Bugünkü arokarya ağacının akrabası olan bulunmuş fosiller 50 milyon yaşındadır. Dolayısıyla Dünya`nın en eski ağaç familyalarından birinin bir üyesidir. Şili arokaryası Avrupa`da, biyolog ve tıp adamı Archibal Menzies sayesinde ilk kez 1795 yılında tanındı. Halk arasında daha çokça bilinen ismi, ingilizce bir tabir olan ``Monkey puzzle tree``dir (Türkçeye ``Maymun çıkmazı ağacı`` diye girer). Bu isim, 1800 yıllarında bir ingilizin "Bu ağaç, çıkmaya çalışan maymun için bulmaca gibi karışık" yorumundan kaynaklanmış olup alternatif olarak bölgenin yerlileri(Mapuche), kendi dillerinde ``Pehuen`` ismini kabul etmişlerdir.
Görünüm
Şili arokaryaları, yumurta şeklinden tutun da koni şekline kadar çeşitli formlarda taç oluştururlar. Bütün kolları gevşektir. Yaklaşık 100 yıl sonra aşağıdaki dallarını atar ve gövde alttan görülür vaziyete gelir. Yaşlı ağaçların sadece en üst kısmında dalları kalır. Bu durumda gövde düz ve silindir formundadır. Gövdenin bu düzgünlüğü ve uzunluğu yüzünden kereste olarak faydalanmak amacıyla kesilirler. Bu kesimler artık Şili`de tehtit boyutlarındadır. Günümüzde ender bir ağaçtürü olarak kırmızı listedeki arokaryanın uluslararası ticareti yasaktır.Koyu gri kabuğu ağacı lavlardan ve volkanik patlamaların getirdiği zararlardan korur. Ayrıca ağaç çok sayıda, derinlere inen kökler oluşturur.

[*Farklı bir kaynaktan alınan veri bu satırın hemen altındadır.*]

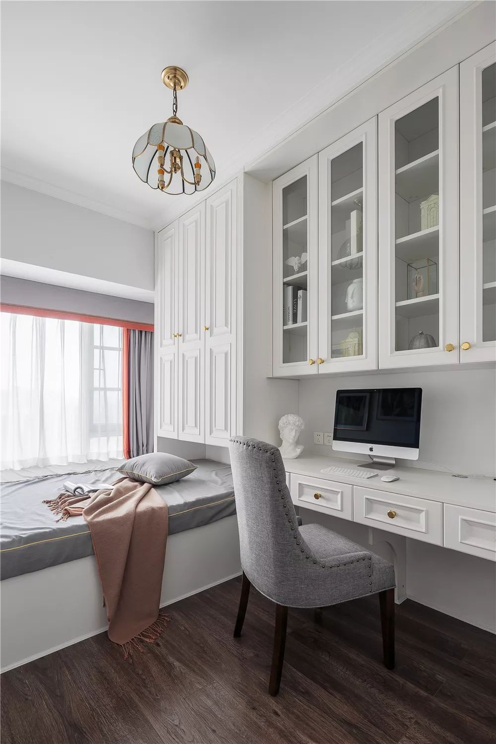 书房是做成了榻榻米加上组合式衣柜、书桌柜的设计,在工作之余也能休憩一下,书柜做成了玻璃柜门,拿取书籍也方便一些。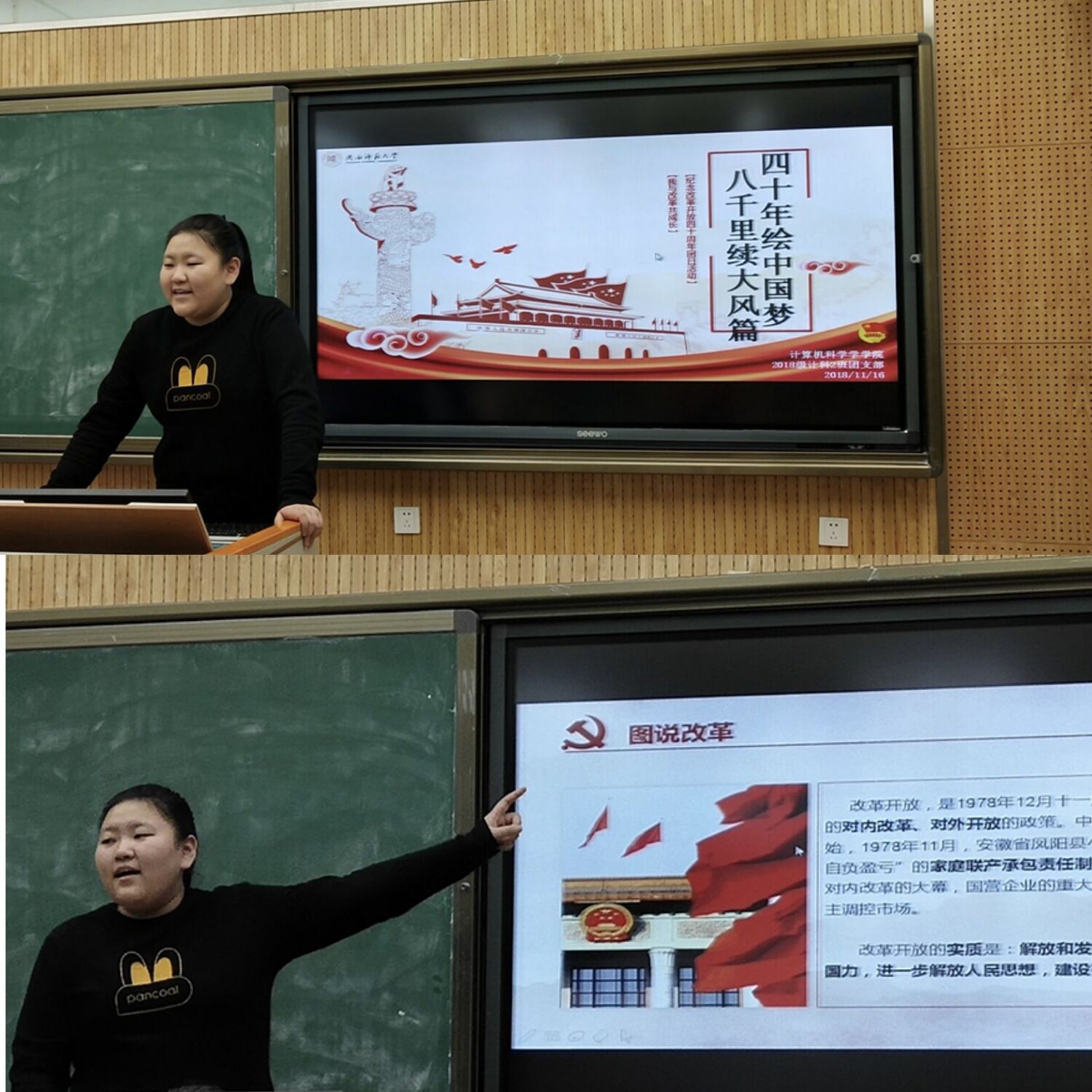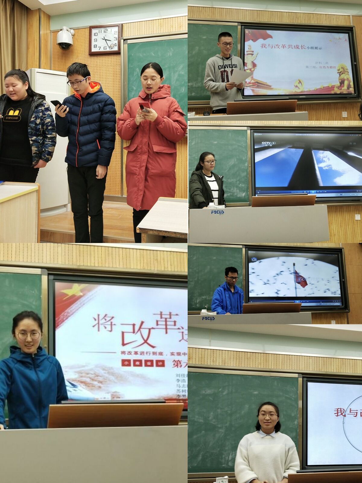 随后,蒋山为同学们播放了《厉害了,我的国!》部分片段,在视频播放过程中,同学们深刻感受到了改革开放四十年来中国发生的巨大变化,并不时发出阵阵感慨,同学们充满了骄傲与自豪。计科二班各个团日活动小组依次上台展示“我与改革共成长”的活动成果,小组们通过唱歌、PPT讲解、播放视频等多种方式充分展示改革开放对我们生活的巨大影响。有同学表示,我们虽然不是改革开放的参与者,我们却是改革开放的受益者。

Arokarya, çok fazla sert ve pul görünümlü yapraklarla bezelidir. yapraklar 3-4 cm uzunlukta ve genişlikte üçgen şeklindedir. Keskindirler ve uç noktalarında sivri kahverengi dikenle sona ererler. Yaprak kenarları sarıya çalar. Yapraklar dallarda spiral oluşturur şekilde dağılırlar.
Şili arokaryası çok yavaş büyür. Yıllık büyüme ender olarak 30 cm den fazla olur. Çok ileri yaşlara kadar yaşalar; Öyle ki zamanında 1300 hatta 2000 yıllık örneklere bile rastlanmıştır. Ancak kereste olarak genelde 500 yıllık yaşlı ağaçlar kullanılmıştır.